Brolga

Antigone rubicunda

Brolga. Photo: John Spiers

Brolga congregate in huge flocks in the tropical north, but they penetrate as far as the south-east of South Australia in small numbers. Much of their earlier habitat has been drained and converted to cultivated pastures and cropland.

Brolga have a widely varied diet. Major food items are the tuberous roots of sedges, but they also take insects, crustaceans, small vertebrates, and in cultivated areas, cereal grains and nut crops. They feed by digging with their large bill in drier areas, and foraging in shallow waters and wetlands.

Brolga. Photo: John Spiers

Breeding is in the wet season from July through to November. Their courtship involves an elaborate and courtly dance. The nest is a large mound, up to 1.5 metres in diameter, and built of grass and sedge stems. The normal clutch is two eggs. After the breeding season the family group joins with others into large flocks.

Brolga (Antigone rubicunda Perry, 1810) is monotypic having no subspecies.

 

Description

Brolga are large cranes with the male reaching a weight between 4.8 to 8.7 kg. Females are like males, but smaller (weight 3.6 to 7.3 kg). An overall light grey bird with duskier primaries. There is a characteristic bustle of elongated tertiaries and secondaries drooping over the tail. Most of the head and chin is bare of feathers and bright red except for a grey cap and a grey gap over the ear opening. The red does not extend down the throat like the similar Sarus Crane. The chin has a dusky-coloured dewlap, which is larger in the male. The iris is brown, the bill, legs and feet are yellow. Juveniles are like adults, but the head is entirely feathered, and the iris is brown. The chicks are grey with a buff head and neck.

Where to find it

Generally, brolga like shallow freshwater marshes, but if these are not available, they will also use deeper marshes, wet meadows and brackish wetlands.
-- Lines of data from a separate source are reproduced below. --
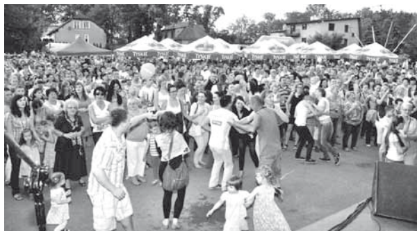
Baw się razem z nami!

23 VIII – Święto Karpia Polskiego - koncert zespołu „Baciary”
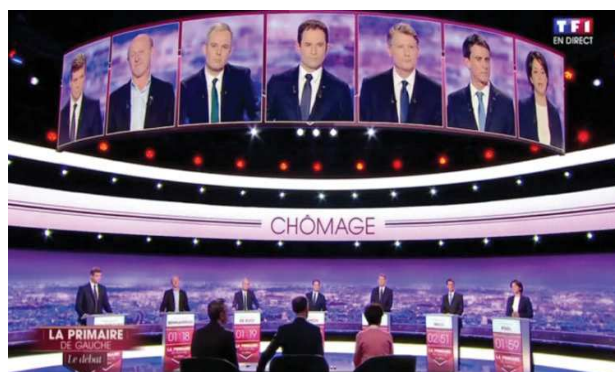
Débat de la Primaire de la Gauche

L'Emission politique sur France 2 tente aussi de rendre son format plus attractif en proposant une séquence plus spectaculaire intitulée « sans filet » où le politique est amené sur un terrain inconnu et confrontés aux citoyens sans avoir été préparé à l'avance.
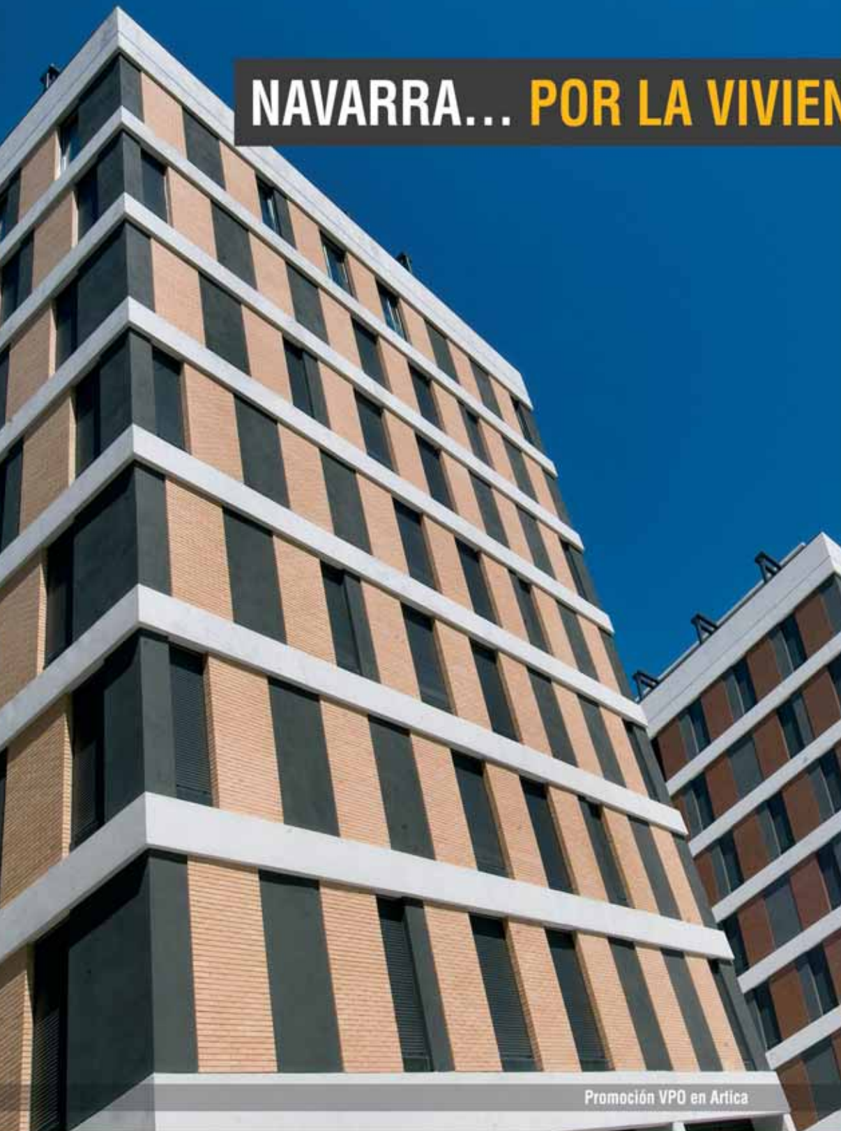
Promoción VPO en Artica
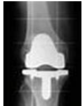
取自 7B 護理站

☞ 清晨06:00前，可喝無渣飲料，如運動飲料，勿超400cc. 後就連水應禁食。
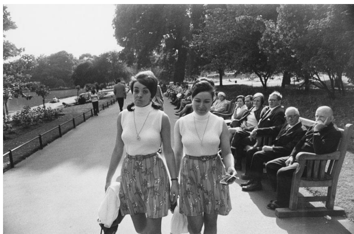
ゲイリー・ウィノグラッド
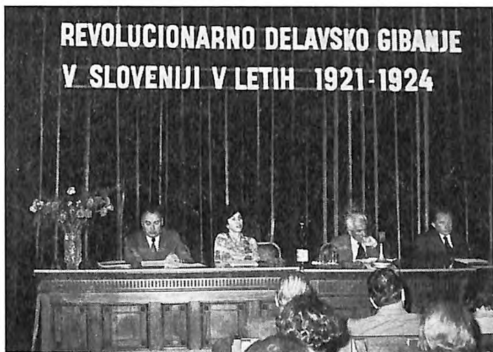
Znanstveno posvetovanje 6. in 7. 6. 1974

njih deset let, ki ima 800 naslovov, kaže enako raznovrstnost del, kar je posledica inštitutove odprtosti in njegovega odzivanja različnim družbenim potrebam, je pa obenem že več monografskih del. Ta izpričujejo težnjo inštituta po opravljanju temeljnega raziskovalnega dela in večjo strokovno usposobljenost raziskovalnega kadra. Del teh monografij so tudi uspešno obranjene magistrske naloge in doktorske disertacije. Morda vse monografije ne obravnavajo ravno najpomembnejših zgodovinskih tem in niti niso rezultat za poslednja leta toliko poudarjenega skupinskega ali celo večpanožnega dela, so pa vse zelo upoštevane in nekaj tudi nagrajenih (2 nagradi Sklada Borisa Kidriča, 4 nagrade Vstaje slovenskega naroda, 3 nagrade Osvobodilne fronte, 6 Kajuhovih nagrad, 1 nagra-

Although they are non-migratory, in South Australia they will disperse to isolated wetlands in the breeding season, returning to traditional flocking sites in the dry season including permanent wetlands, upland pastures, irrigated fields, crops and stubble.

Brolga are an uncommon species in the north-east and south-east of the state, are rare in the north west and along the River Murray. They may occasionally be found as a vagrant on the Yorke Peninsula, in the mid-north, the lower north east and on Kangaroo Island. They are officially rated as ‘Vulnerable’ in South Australia.